**PROVIDED DATA:**
------------------------------------------------
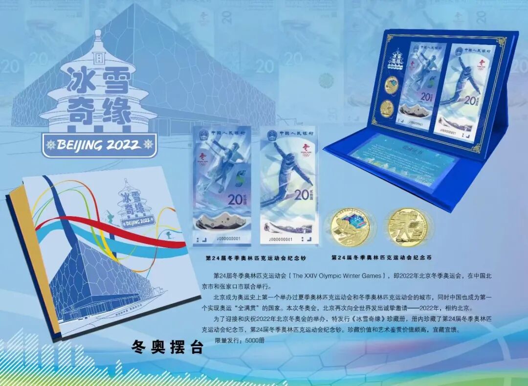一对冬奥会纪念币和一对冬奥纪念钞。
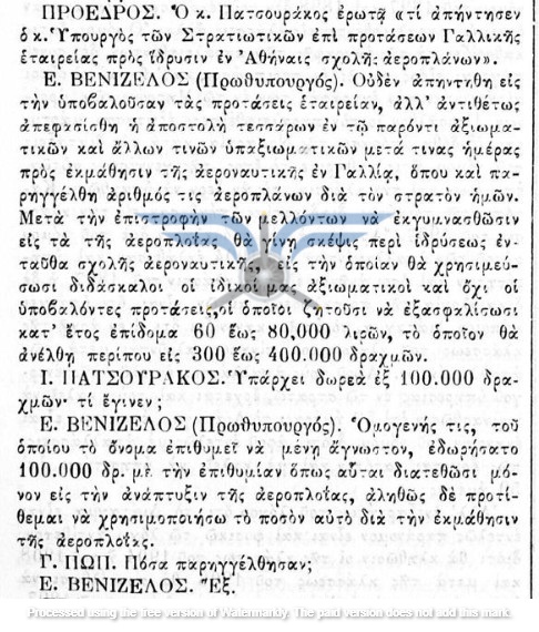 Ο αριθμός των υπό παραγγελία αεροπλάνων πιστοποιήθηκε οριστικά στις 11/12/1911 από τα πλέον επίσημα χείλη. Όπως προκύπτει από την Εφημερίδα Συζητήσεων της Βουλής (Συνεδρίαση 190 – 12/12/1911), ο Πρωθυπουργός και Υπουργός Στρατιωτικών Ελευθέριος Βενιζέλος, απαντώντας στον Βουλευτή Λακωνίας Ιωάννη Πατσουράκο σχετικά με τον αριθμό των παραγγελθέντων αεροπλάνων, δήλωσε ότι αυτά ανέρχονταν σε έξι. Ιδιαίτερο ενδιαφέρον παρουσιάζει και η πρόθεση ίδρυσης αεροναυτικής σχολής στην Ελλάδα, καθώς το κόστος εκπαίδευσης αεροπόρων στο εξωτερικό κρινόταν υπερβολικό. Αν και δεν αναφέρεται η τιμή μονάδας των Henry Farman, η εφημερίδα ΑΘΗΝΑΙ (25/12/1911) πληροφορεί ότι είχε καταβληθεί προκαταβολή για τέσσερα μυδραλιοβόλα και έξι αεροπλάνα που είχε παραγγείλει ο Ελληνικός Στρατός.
------------------------------------------------
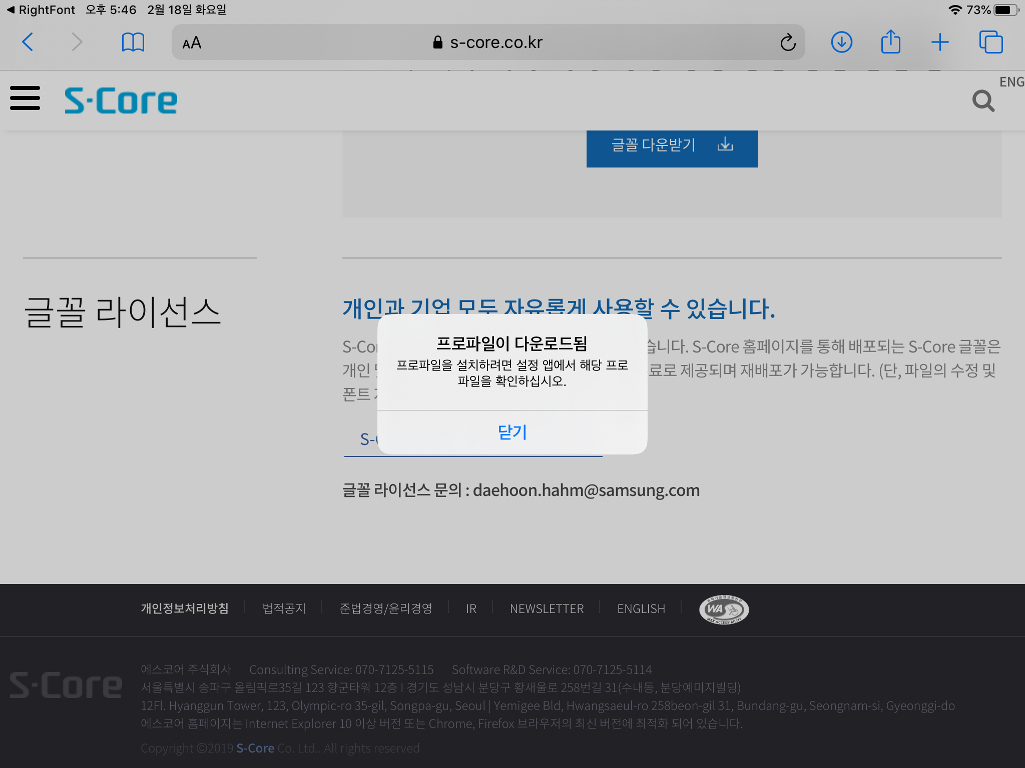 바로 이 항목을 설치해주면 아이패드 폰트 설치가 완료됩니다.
------------------------------------------------
**WHAT TO DO:** Exactly the lines starting at the one above with "一对冬奥会纪念币和一对冬奥纪念钞。" and ending at the one with "Ο αριθμός των" should be printed, and nothing else. Omit the pictures.

**COMPLETED EXERCISE:**
一对冬奥会纪念币和一对冬奥纪念钞。
 Ο αριθμός των υπό παραγγελία αεροπλάνων πιστοποιήθηκε οριστικά στις 11/12/1911 από τα πλέον επίσημα χείλη. Όπως προκύπτει από την Εφημερίδα Συζητήσεων της Βουλής (Συνεδρίαση 190 – 12/12/1911), ο Πρωθυπουργός και Υπουργός Στρατιωτικών Ελευθέριος Βενιζέλος, απαντώντας στον Βουλευτή Λακωνίας Ιωάννη Πατσουράκο σχετικά με τον αριθμό των παραγγελθέντων αεροπλάνων, δήλωσε ότι αυτά ανέρχονταν σε έξι. Ιδιαίτερο ενδιαφέρον παρουσιάζει και η πρόθεση ίδρυσης αεροναυτικής σχολής στην Ελλάδα, καθώς το κόστος εκπαίδευσης αεροπόρων στο εξωτερικό κρινόταν υπερβολικό. Αν και δεν αναφέρεται η τιμή μονάδας των Henry Farman, η εφημερίδα ΑΘΗΝΑΙ (25/12/1911) πληροφορεί ότι είχε καταβληθεί προκαταβολή για τέσσερα μυδραλιοβόλα και έξι αεροπλάνα που είχε παραγγείλει ο Ελληνικός Στρατός.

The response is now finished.